Pour Louis-Bernard Buchman, membre du conseil
de l’ordre de Paris, une autre réalité est à prendre en
compte : « les avocats n’ont pas assez conscience des
possibilités existantes ». Par exemple, les professionnels
du droit n’ont pas tous mis en place un site Internet. Il est
vrai que les structures de plus de dix avocats sont toutes
titulaires d’un site en ligne, plus ou moins fonctionnel.
« Généralement ce sont des sites vitrines qui permettent
simplement d’informer sur les activités du cabinet », précise Elisabeth Oster. Néanmoins, d’après une étude de My
Cercle publiée en mars dernier, les petits cabinets restent
peu équipés en site Internet : un cabinet individuel sur
trois seulement en possède un. Pour ces avocats, la plateforme « Avocat.fr », mise en place par le Conseil national
des barreaux, peut être une bonne alternative afin d’être
présent sur Internet dans le respect des règles déontologiques sans réelle stratégie web à mettre en place.
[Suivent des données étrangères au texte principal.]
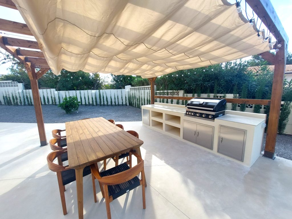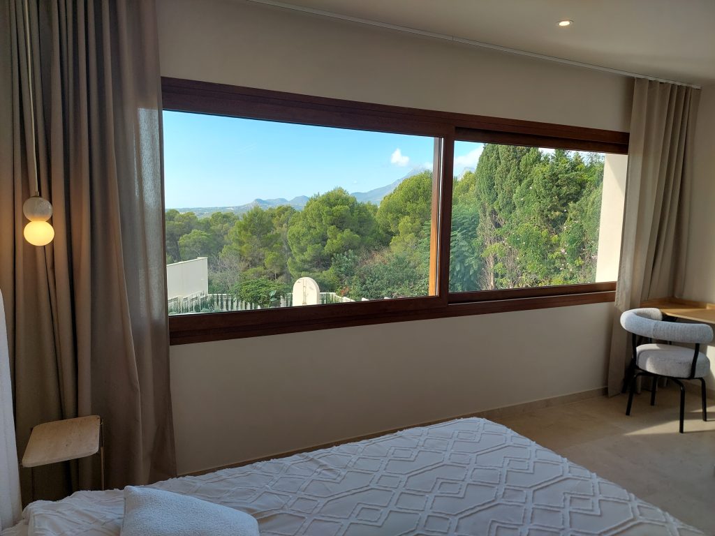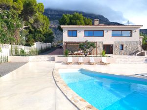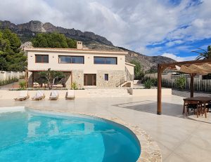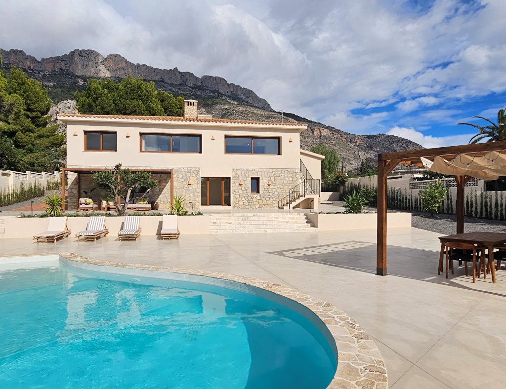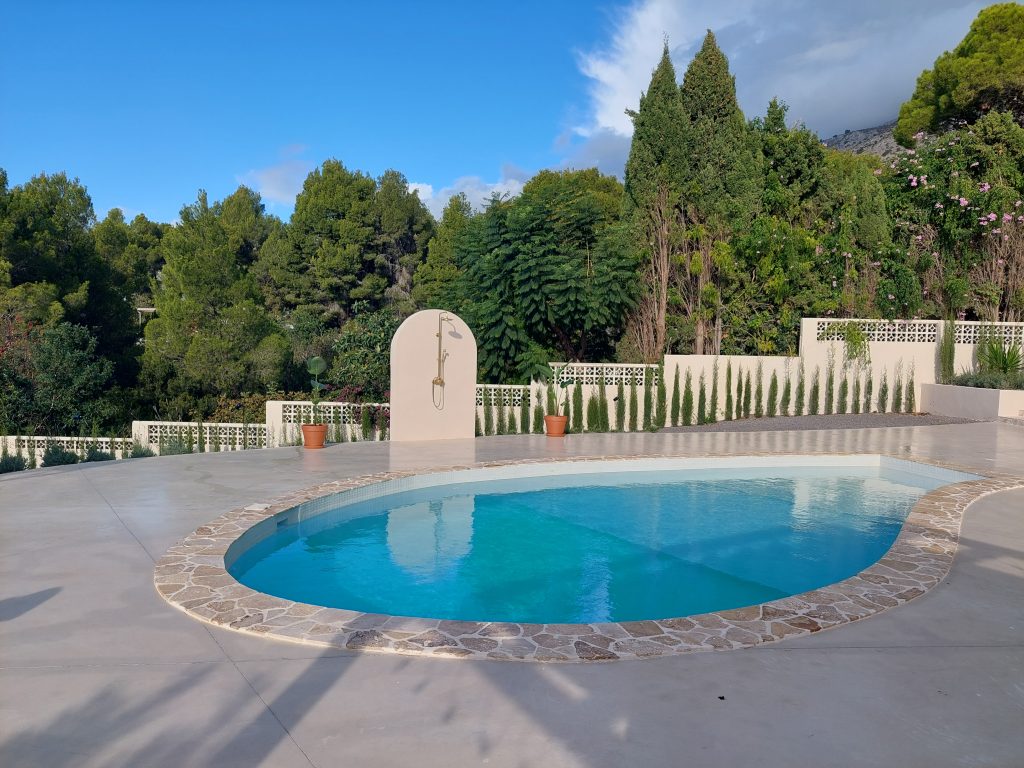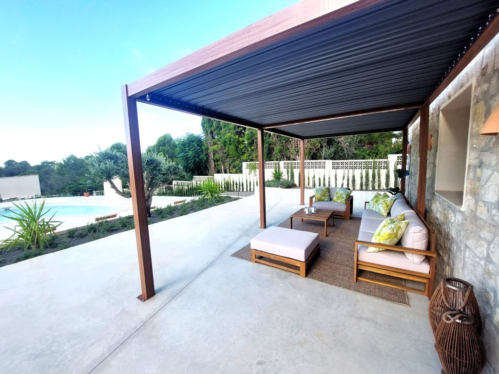 De tuin en het zwembad hebben een designbar/barbecue en een pergola van waaruit u kunt genieten van het uitzicht op de Bernia-berg en het bos.

« L’absence des mentions légales ainsi que les noms de
domaines sont les problèmes récurrents que nous rencontrons lors de l’examen du site Internet », continue la
responsable de la commission publicité du barreau de
Paris. Pour éviter de tels écueils, les professionnels du
droit peuvent se référer au guide de l’avocat numérique
ainsi qu’au vade-mecum de la communication, disponibles
en ligne sur le site du CNB. L’expansion de la communication à l’audiovisuel ainsi qu’aux publicités papiers, ne
doit pas faire oublier l’intérêt des outils un peu plus traditionnels que sont les plaquettes et cartes de visites. Les
plaquettes ont changé d’usage, mais pour Nathalie Rehby
elles restent « un outil de notoriété concret ». Un avis
partagé par Amaury Narbonne : « Nous tenons à nos plaquettes. Les clients connaissent très bien l’associé avec
lequel ils travaillent, mais n’ont pas forcément conscience
de tout l’environnement et des autres spécialités du cabinet ». Plus modernes, les cartes de visites contiennent par
exemple une référence à un compte Twitter ou un flash
code et les Powerpoint de présentation peuvent être complétés par des messages animés.
Quelle que soit la forme choisie, l’essentiel est que les
avocats se saisissent du marché publicitaire, à leur façon.
Les justiciables n’en pourront être que reconnaissants.